3 We now review k-fold cross-validation.

1. Explain how k-fold cross-validation is implemented.

K- fold cross validation is made up of k groups similar in size. The first k-fold group is used as a validation set that is then used to fit the remaining k-1 groups. This process will occur k number of times and will have varying amounts for the values for the mean square error(MSE).These MSE values are then averaged to result in the k-fold cross-validation estimate (CVk).

2. What are the advantages and disadvantages of k-fold cross validation relative to:

1. The validation set approach? This approach creates gives a test estimate that is very fluctuating when you compare it to the k-fold cross validation test estimate. The randomization of the separation of observations put into the training and testing data sets are what cause this fluctuation.
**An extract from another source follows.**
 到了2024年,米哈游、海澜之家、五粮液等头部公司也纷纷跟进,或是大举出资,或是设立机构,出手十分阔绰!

2. LOOCV? LOOCV can cause problems when the value of n is large because it requires the fitting of the statistical learning method n times. Since the test error estimate is the average of the n fitted models with similar observations this causes the estimate to have high fluctuation as well. The K-fold validation however could possibly have a value of k resulting in an unbiased error test rate with a lower variance.

5 In Chapter 4, we used logistic regression to predict the probability of default using income and balance on the Default data set. We will now estimate the test error of this logistic regression model using the validation set approach. Do not forget to set a random seed before beginning your analysis.

library(ISLR)

## Warning: package 'ISLR' was built under R version 4.0.5

attach(Default)
set.seed(8)

1. Fit a logistic regression model that uses income and balance to predict default.
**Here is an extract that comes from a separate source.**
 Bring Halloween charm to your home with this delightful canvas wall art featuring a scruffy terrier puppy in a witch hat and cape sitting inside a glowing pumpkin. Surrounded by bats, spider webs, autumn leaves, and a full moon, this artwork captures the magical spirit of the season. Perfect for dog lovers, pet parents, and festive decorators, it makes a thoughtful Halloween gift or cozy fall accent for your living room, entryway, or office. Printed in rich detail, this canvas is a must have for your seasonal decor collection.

default.fit<-glm(default~income+balance, data=Default, family="binomial")
summary(default.fit)

## 
## Call:
## glm(formula = default ~ income + balance, family = "binomial", 
##     data = Default)
## 
## Deviance Residuals: 
##     Min       1Q   Median       3Q      Max  
## -2.4725  -0.1444  -0.0574  -0.0211   3.7245  
## 
## Coefficients:
##               Estimate Std. Error z value Pr(>|z|)    
## (Intercept) -1.154e+01  4.348e-01 -26.545  < 2e-16 ***
## income       2.081e-05  4.985e-06   4.174 2.99e-05 ***
## balance      5.647e-03  2.274e-04  24.836  < 2e-16 ***
## ---
## Signif. codes:  0 '***' 0.001 '**' 0.01 '*' 0.05 '.' 0.1 ' ' 1
## 
## (Dispersion parameter for binomial family taken to be 1)
## 
##     Null deviance: 2920.6  on 9999  degrees of freedom
## Residual deviance: 1579.0  on 9997  degrees of freedom
## AIC: 1585
## 
## Number of Fisher Scoring iterations: 8

2. Using the validation set approach, estimate the test error of this model. In order to do this, you must perform the following steps:

1. Split the sample set into a training set and a validation set.
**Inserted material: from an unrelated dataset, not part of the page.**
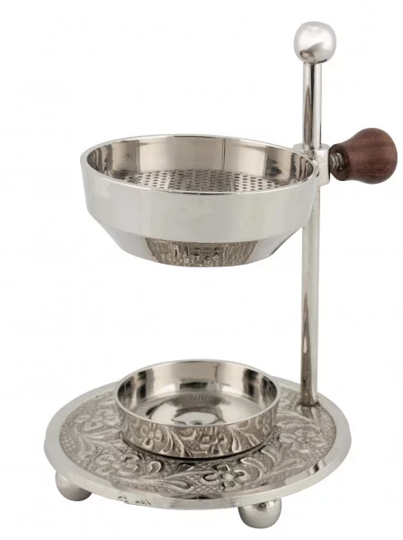 Hochwertiges, stabiles Weihrauchstövchen mit Sieb aus Messing vernickelt zum Räuchern mit dem Teelicht. Die Weihrauchschale kann individuell in der Höhe eingestellt und mittels der handlichen 4cm langen Schraube auf der gewünschten Höhe fest arretiert werden. Den Abschluß der Schraube bildet ein dekorativer, gedrechselter Holzknopf. Der Boden des Stövchen ist mit einem floralen Prägemuster verziert.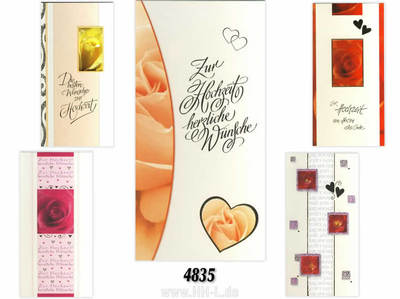 Hochzeits-Karte mit Blumen-Motiven und Gold-Druck, einzeln mit Kuvert in Cellophan verpackt

train.default<-sample(dim(Default)[1],dim(Default)[1]/2)

2. Fit a multiple logistic regression model using only the training observations.

spl.default<-glm(default~income+balance, data=Default, family="binomial", subset = train.default)

3. Obtain a prediction of default status for each individual in the validation set by computing the posterior probability of default for that individual, and classifying the individual to the default category if the posterior probability is greater than 0.5.

default.probs=predict(spl.default,Default[-train.default,], type="response")
spldefault.pred=rep("No",length(default.probs))
spldefault.pred[default.probs>0.5]="Yes"

4. Compute the validation set error, which is the fraction of the observations in the validation set that are misclassified.

mean(spldefault.pred != Default[-train.default, ]$default)

## [1] 0.0272

Validation set approach test error rate = 2.72%.

3. Repeat the process in (b) three times, using three different splits of the observations into a training set and a validation set. Comment on the results obtained.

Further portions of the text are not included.